Task to complete: The records that follow are to be transcribed in full, without their images.

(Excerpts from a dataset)
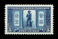 980 nh 617-19 image#617-19, 1c-5c Lexington-Concord cplt., each a remarkable jumbo-margined mint single, marvelously well centered within these impressive margins, bright fresh colors, o.g., n.h., extremely fine; a particularly select set; ex-Floyd. (Image) $44.50
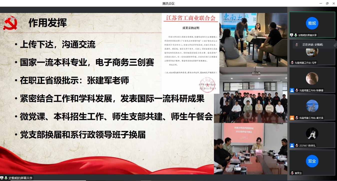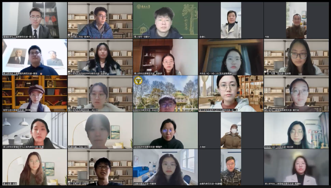 下午14时,学生党支部共29名支部书记回顾2022年支部建设的工作内容,总结党建工作的成就和不足,并对未来党建工作作出展望。
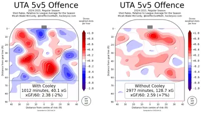 Utah’s offense couldn’t convert goals in the slot. They ranked third overall in high danger Corsi (54%) but 15th in high danger goal share (51%). A factor in this is Cooley’s tendency to pass in the slot rather than shoot.
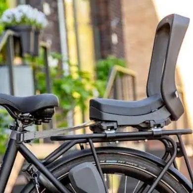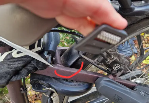 En (gewoon voor de zekerheid, want het zou een beetje lullig zijn) heb je ook echt de veiligheidsband? Onder de zitting zit een bandje die er hetzelfde uitziet, maar bedoeld is als gordel voor je kind. Die is zeker te kort om om de zadelpen of frame te doen.
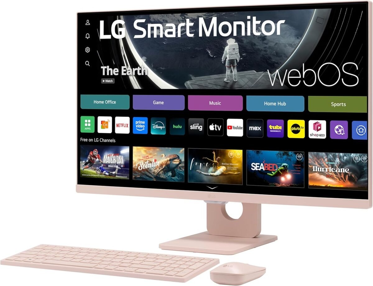One screen, endless possibilities with the pink LG Smart Monitor desktop combo! The 27ā Full HD IPS Smart Monitor ultimate desktop setup comes with the gorgeous pink display and matching wireless keyboard and mouse. The Smart Monitor display offers stunning visuals and a sleek design that’s perfect for work, play, and everything in between. Experience vivid clarity with the Full HD screen, bringing every detail to vivid life. Its slim design and flat style stand will stylishly blend into your desktop. Thanks to LG streaming platform webOS23. ¹Internet connection and subscription to streaming services are required. ²Home Office services support only Microsoft 10 and 11 or higher. Microsoft 365 and Google registration and subscriptions may be required. Separate services may require payment for subscription. Supported service may vary by country. ³Internet connection and subscriptions to streaming services are required. Amazon, Prime Video and all related logos are trademarks of Amazon.com, Inc. or its affiliates. Amazon Prime membership and/or Prime Video fees apply. See primevideo.com/terms for details. HBO Max⢠©2023 Warner Media, LLC. All Rights Reserved. HBO Max is used under license. Number of LG Channels subject to change. 4Your Apple device must be connected to the same Wi-Fi network as your monitor. Apple, the Apple logo, AirPlay, Apple TV, and HomeKit are trademarks of Apple Inc., registered in the U.S. and other countries. This LG Smart Monitor Desktop Setup supports AirPlay 2 and requires iOS 12.3 or later or macOS 10.14.5 or later. Internet connection and subscriptions to streaming services are required for streaming services.
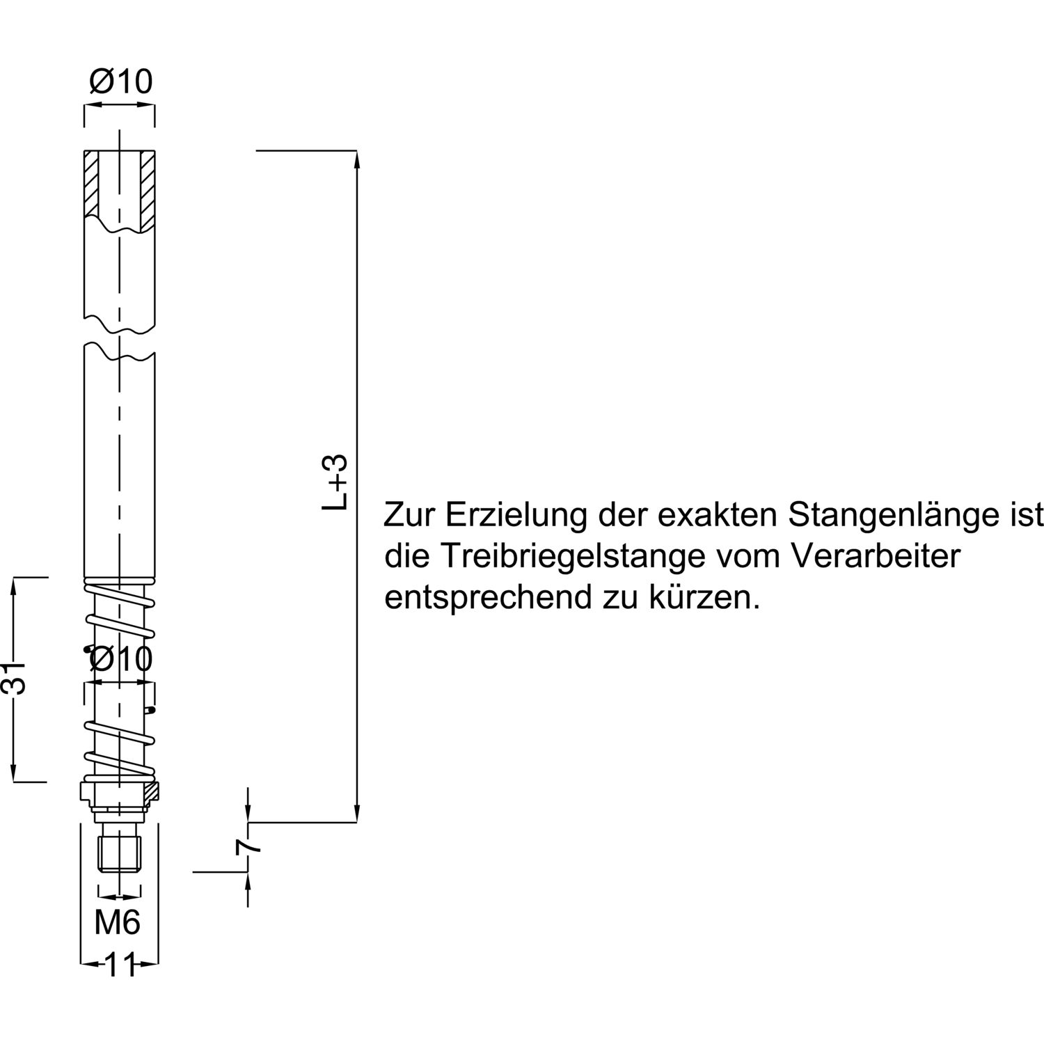BMH Treibriegelstange 1109, 1000 mm, mit Feder für unten u. oben, Stahl verzinkt
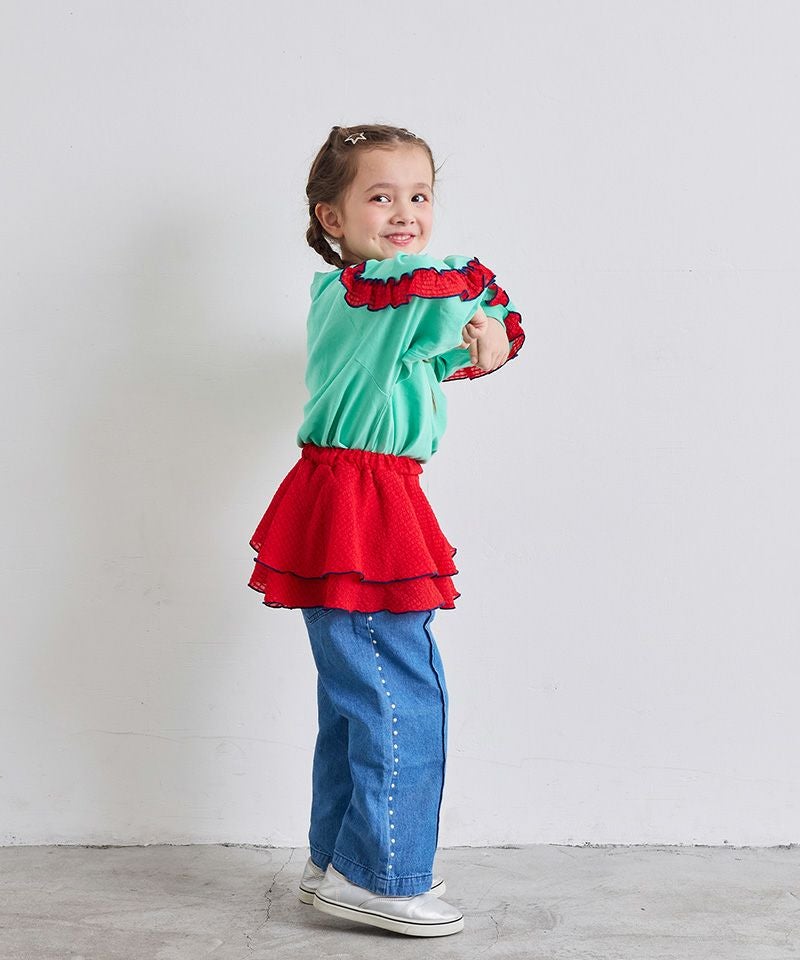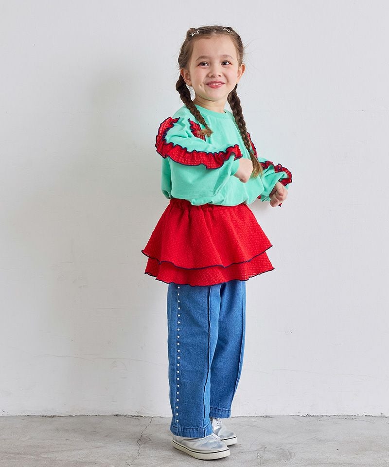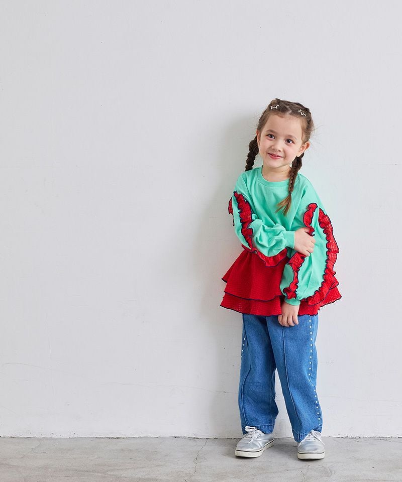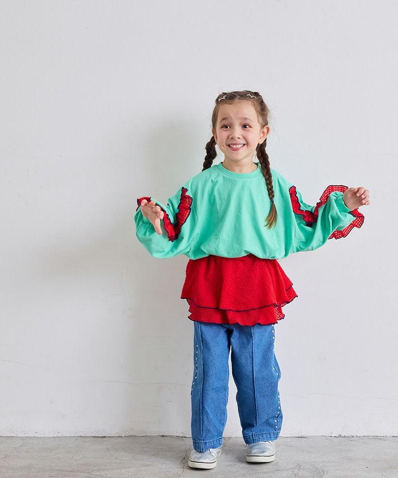 フレアーパンツや、チェックスカートなど、ガーリーなボトムスとの相性◎
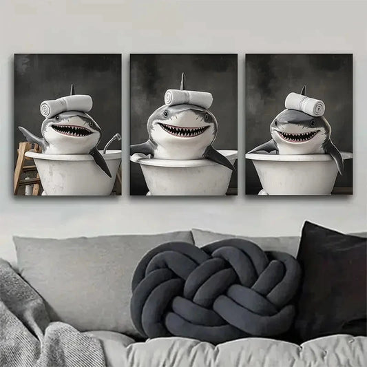 3pcs Shark Bath Three-Panel Painting Metal Print Ready to Hang Art
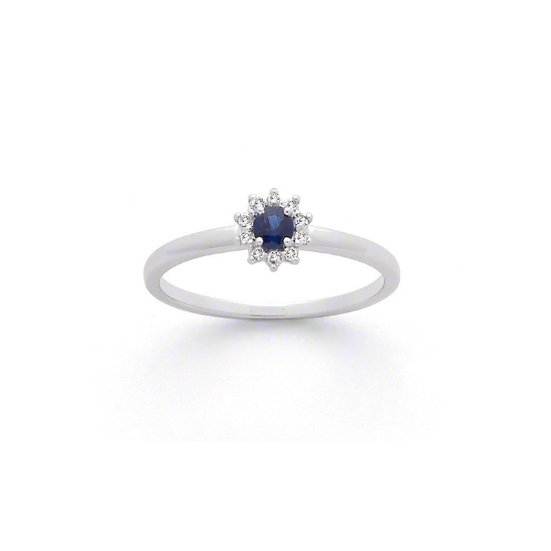 Bague Saphir 0,15 carat entourage Diamants 0,06 carat Or blanc
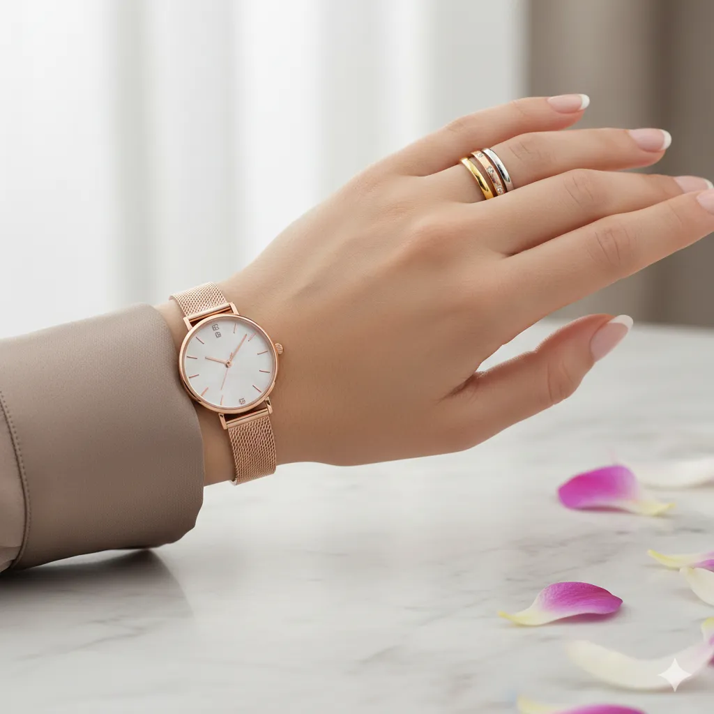 Nếu bạn đeo đồng hồ dây da màu nâu (hợp vàng vàng) nhưng lại thích đeo vòng tay bạch kim (hợp vàng trắng), chiếc nhẫn phối màu sẽ là cầu nối hoàn hảo giúp tổng thể phụ kiện trên tay bạn không bị lạc quẻ.
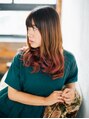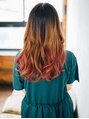 Aラインシルエットの重めロングスタイルです。毛先にかけてグラデーションカラー、ピンクがアクセントになって可愛らしい雰囲気です。顔まわりのサイドバングをアゴラインに作っています。チャレンジしやすいアクセントカラーです。
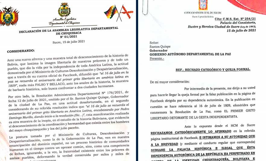 Autoridades legislativas de Chuquisaca y la ciudad de Sucre expresaron su molestia con publicaciones del Ministerio de Culturas y la
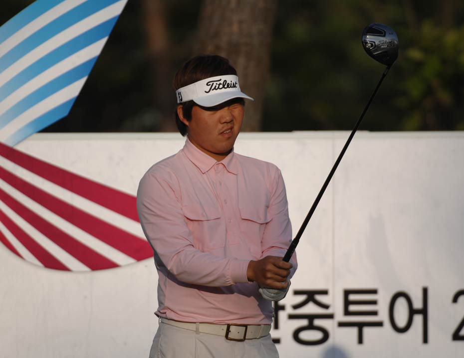 2009“韓國KEB銀行”中韓職業(yè)高爾夫球巡回賽韓國站于今天在韓國OSTAR高爾夫球俱樂部正式開桿,有47名球員代表中國參賽。圖為選手們上場第一天,揮桿開打的場面。

Expected answer:
 980 nh 617-19 image#617-19, 1c-5c Lexington-Concord cplt., each a remarkable jumbo-margined mint single, marvelously well centered within these impressive margins, bright fresh colors, o.g., n.h., extremely fine; a particularly select set; ex-Floyd. (Image) $44.50
 下午14时,学生党支部共29名支部书记回顾2022年支部建设的工作内容,总结党建工作的成就和不足,并对未来党建工作作出展望。
 Utah’s offense couldn’t convert goals in the slot. They ranked third overall in high danger Corsi (54%) but 15th in high danger goal share (51%). A factor in this is Cooley’s tendency to pass in the slot rather than shoot.
 En (gewoon voor de zekerheid, want het zou een beetje lullig zijn) heb je ook echt de veiligheidsband? Onder de zitting zit een bandje die er hetzelfde uitziet, maar bedoeld is als gordel voor je kind. Die is zeker te kort om om de zadelpen of frame te doen.
One screen, endless possibilities with the pink LG Smart Monitor desktop combo! The 27ā Full HD IPS Smart Monitor ultimate desktop setup comes with the gorgeous pink display and matching wireless keyboard and mouse. The Smart Monitor display offers stunning visuals and a sleek design that’s perfect for work, play, and everything in between. Experience vivid clarity with the Full HD screen, bringing every detail to vivid life. Its slim design and flat style stand will stylishly blend into your desktop. Thanks to LG streaming platform webOS23. ¹Internet connection and subscription to streaming services are required. ²Home Office services support only Microsoft 10 and 11 or higher. Microsoft 365 and Google registration and subscriptions may be required. Separate services may require payment for subscription. Supported service may vary by country. ³Internet connection and subscriptions to streaming services are required. Amazon, Prime Video and all related logos are trademarks of Amazon.com, Inc. or its affiliates. Amazon Prime membership and/or Prime Video fees apply. See primevideo.com/terms for details. HBO Max⢠©2023 Warner Media, LLC. All Rights Reserved. HBO Max is used under license. Number of LG Channels subject to change. 4Your Apple device must be connected to the same Wi-Fi network as your monitor. Apple, the Apple logo, AirPlay, Apple TV, and HomeKit are trademarks of Apple Inc., registered in the U.S. and other countries. This LG Smart Monitor Desktop Setup supports AirPlay 2 and requires iOS 12.3 or later or macOS 10.14.5 or later. Internet connection and subscriptions to streaming services are required for streaming services.
BMH Treibriegelstange 1109, 1000 mm, mit Feder für unten u. oben, Stahl verzinkt
 フレアーパンツや、チェックスカートなど、ガーリーなボトムスとの相性◎
 3pcs Shark Bath Three-Panel Painting Metal Print Ready to Hang Art
 Bague Saphir 0,15 carat entourage Diamants 0,06 carat Or blanc
 Nếu bạn đeo đồng hồ dây da màu nâu (hợp vàng vàng) nhưng lại thích đeo vòng tay bạch kim (hợp vàng trắng), chiếc nhẫn phối màu sẽ là cầu nối hoàn hảo giúp tổng thể phụ kiện trên tay bạn không bị lạc quẻ.
 Aラインシルエットの重めロングスタイルです。毛先にかけてグラデーションカラー、ピンクがアクセントになって可愛らしい雰囲気です。顔まわりのサイドバングをアゴラインに作っています。チャレンジしやすいアクセントカラーです。
 Autoridades legislativas de Chuquisaca y la ciudad de Sucre expresaron su molestia con publicaciones del Ministerio de Culturas y la
 2009“韓國KEB銀行”中韓職業(yè)高爾夫球巡回賽韓國站于今天在韓國OSTAR高爾夫球俱樂部正式開桿,有47名球員代表中國參賽。圖為選手們上場第一天,揮桿開打的場面。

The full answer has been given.